California’s quest to build a high-speed rail system between San Francisco and Los Angeles suffered a heavy blow Tuesday when a peer-review committee recommended that state legislators not fund the project until major changes are made to the business plan for the increasingly controversial line.

In a scathing report, the California High-Speed Rail Peer Review Group found that the business plan the California High-Speed Rail Authority unveiled in early November offers inadequate information about funding, fails to answer the critical question of which operating segment will be built first and features a phased-construction plan that would violate state law. The group, which is chaired by Will Kempton, recommends that the state Legislature not authorize expenditure of bond money for the project until its concerns are met.

The report deals the latest of several recent setbacks to the project, for which state voters approved a $9.95 billion bond in 2008. Since then, the project’s price tag more than doubled and several agencies, including the Legislative Analyst’s Office and Office of the State Auditor, released critical reports about the project.

High-speed rail has become particularly controversial on the Peninsula, where several grassroots groups have sprung up in the last two years to oppose it. Menlo Park, Atherton and Palo Alto had filed a lawsuit challenging the rail authority’s environmental analysis and the Palo Alto City Council last month adopted as the city’s official position a call for the project’s termination.

In its letter to the Legislature, the peer review group highlighted some of the same flaws that local officials and watchdogs have long complained about, most notably a deeply flawed funding plan. The project currently has about $6 billion in committed funding and the rail authority plans to make up much of the balance from federal grants and private investments — investments that would be solicited after the first major segment of the line is constructed. The peer-review group found this plan to be vague and insufficient.

“The fact that the Funding Plan fails to identify any long term funding commitments is a fundamental flaw in the program,” the report states. “Without committed funds, a mega-project of this nature could be forced to halt construction for many years before additional funding could be obtained. The benefits of any independent utility proposed by the current Business Plan would be very limited versus the cost and the impact on state finances.”

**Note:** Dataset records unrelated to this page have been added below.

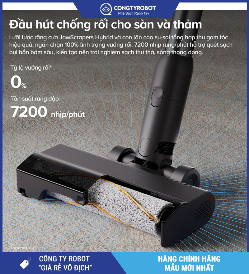 Một trong những nỗi phiền toái lớn khi dùng máy hút bụi là tóc và lông thú dễ quấn vào chổi, khiến bạn phải thường xuyên tháo ra vệ sinh. Với Roborock H60 Ultra, vấn đề này gần như được loại bỏ hoàn toàn nhờ:
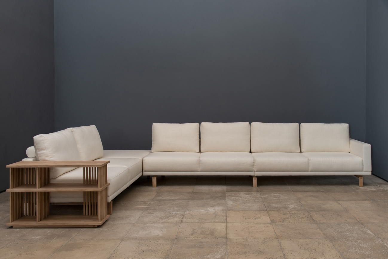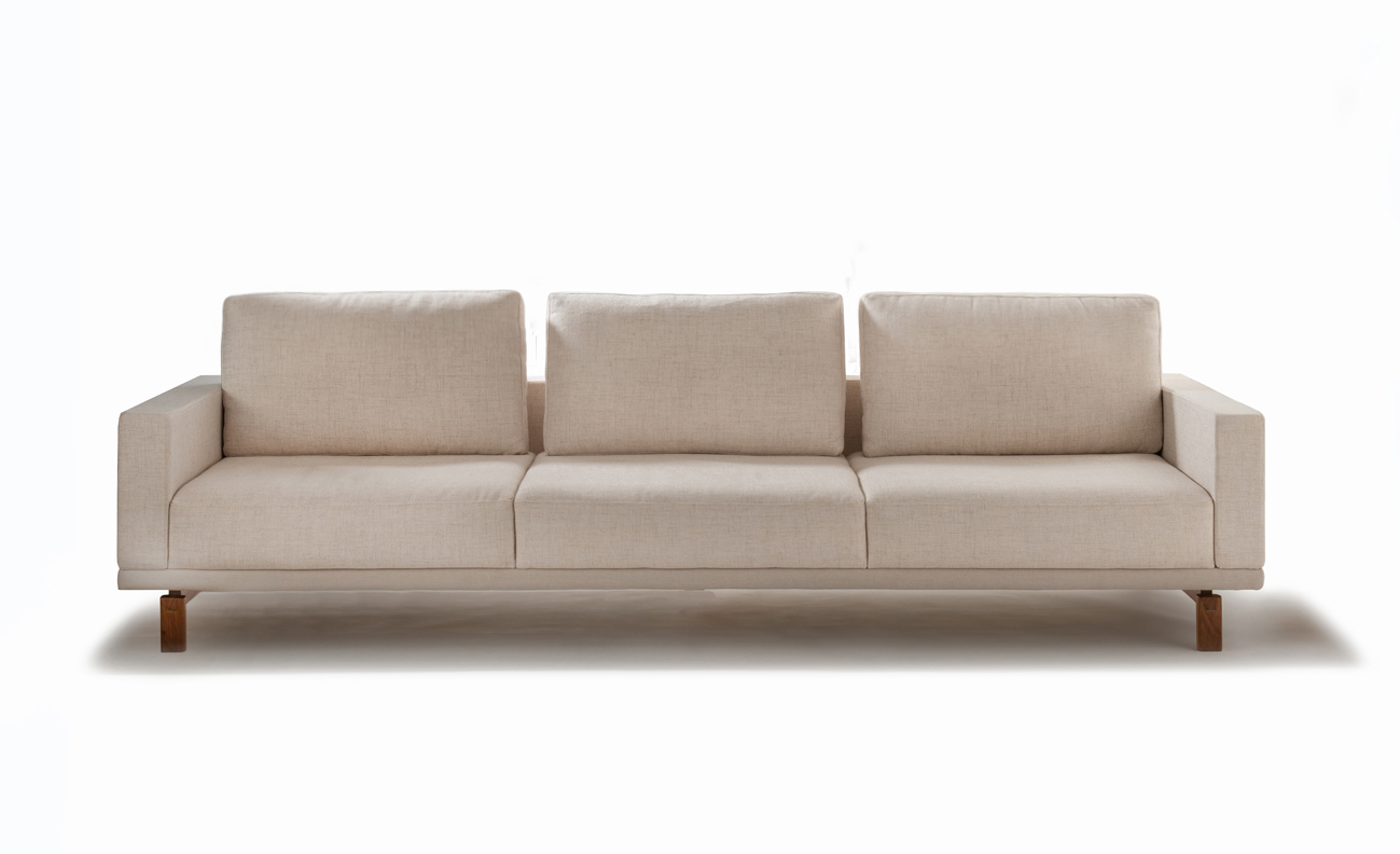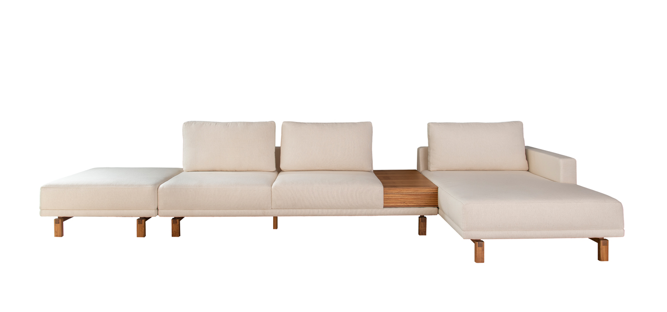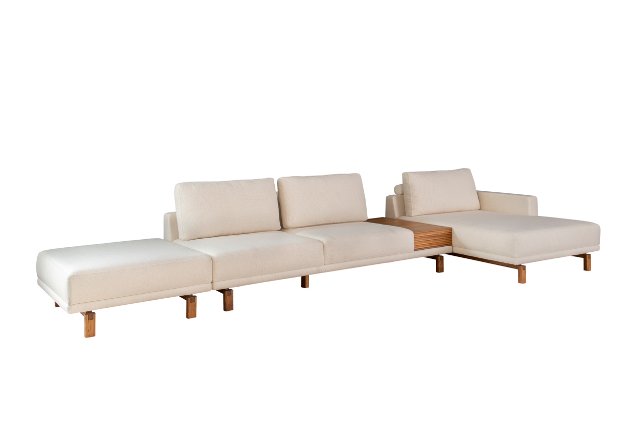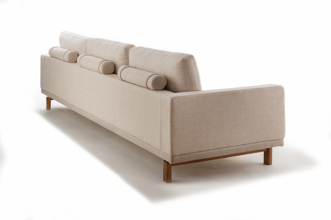 Sofá Tetê é uma peça muito confortável e possui pés em madeira maciça.
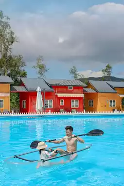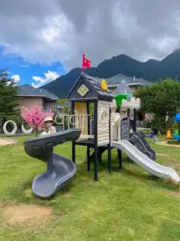 The resort is packed with kid-friendly features: slides 🛝, sandpits, photogenic colorful cabins 🏡, swimming pool 🏊, courtyard BBQ area 🍖, and in-room mahjong table 🀄️. Perfect for gathering mom friends – relax with drinks 🍻 and chats 💬 while the kids play. An ideal summer escape for moms' group trips!
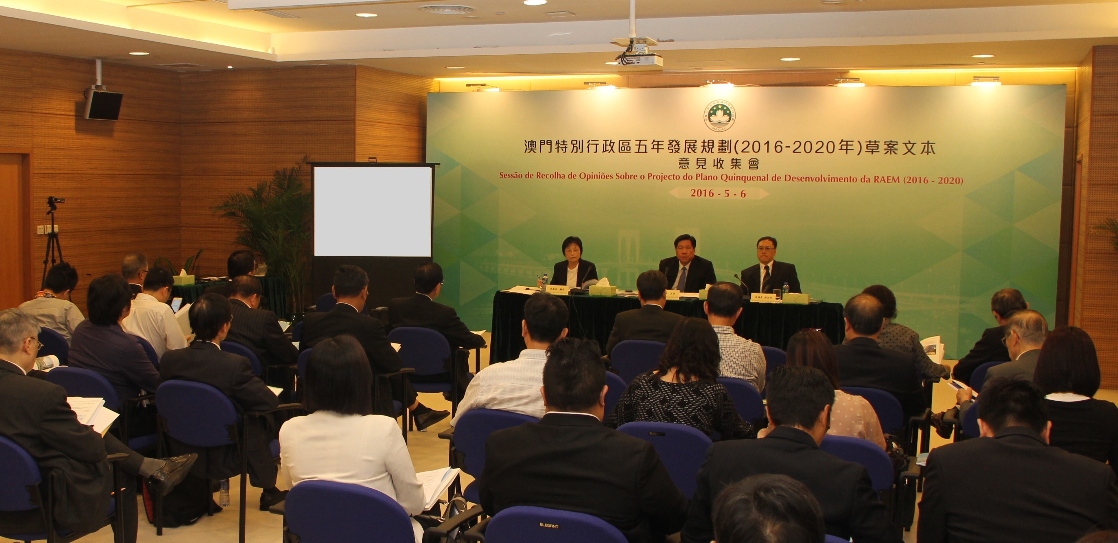 O projecto do Plano Quinquenal de Desenvolvimento da Região Administrativa Especial de Macau (2016-2020) foi já divulgado no passado dia 26 de Abril, tendo assim iniciado os trabalhos da recolha de opiniões, com a duração de 2 meses. O Plano Quinquenal é o plano geral de desenvolvimento da RAEM para os próximos cinco anos e o programa de acção de cooperação entre o Governo e a população. Assim, uma ampla auscultação junto dos diversos sectores da sociedade, unindo a sabedoria da população e reunindo as forças da sociedade, são factores muito importantes para a definição e concretização do Plano Quinquenal. Desta forma, o Gabinete de Estudos das Políticas, responsável pelos trabalhos da presente recolha de opiniões, realizou hoje (dia 6), na sala de reuniões do Gabinete de Estudo das Políticas, a sessão de recolha de opiniões destinada à Associação Comercial de Macau e à Associação Industrial de Macau.

The group also faulted the rail authority’s business plan for failing to choose the “initial operating segment” for the rail line. Though the authority has decided to build the first leg of the line in Central Valley, this segment would not be electrified and would serve largely as a corridor for testing the new line. The first “true” high-speed rail segment would be built later and would stretch either north toward San Jose or south toward San Fernando Valley.

Though the peer-review group acknowledged that a phased approach is the only feasible way to build the system, it also found that this plan violates a requirement of Proposition 1A, which mandates that the rail authority identify funding for the first usable segment of the line before construction begins. The Central Valley segment, the peer report notes, “is not a very high-speed railway (VHSR), as it lacks electrification, a CHSR train control system, and a VHSR compatible communication system. Therefore, it does not appear to meet the requirements of the enabling State legislation.”

The peer review group also wrote in its letter that the authority should have determined in its business plan whether the first “operating segment” would go north or south from the Central Valley. Its letter states that “it is hard to seriously consider a multi-billion dollar Funding Plan that offers no position on which IOS should be initiated first.”

“This indecision may also have consequences in obtaining environmental clearances. We believe that the Funding Plan as proposed should not be approved until the first IOS is selected.”

The report reserves “final judgment” on the funding plan because the rail authority’s business plan is still in draft form and subject to revisions. But it also makes clear that major changes would have to be made before the project warrants state funding. The letter notes that while legislators could potentially come up with a funding source for the project, without such a source “the project as it is currently planned is not financially ‘feasible.'”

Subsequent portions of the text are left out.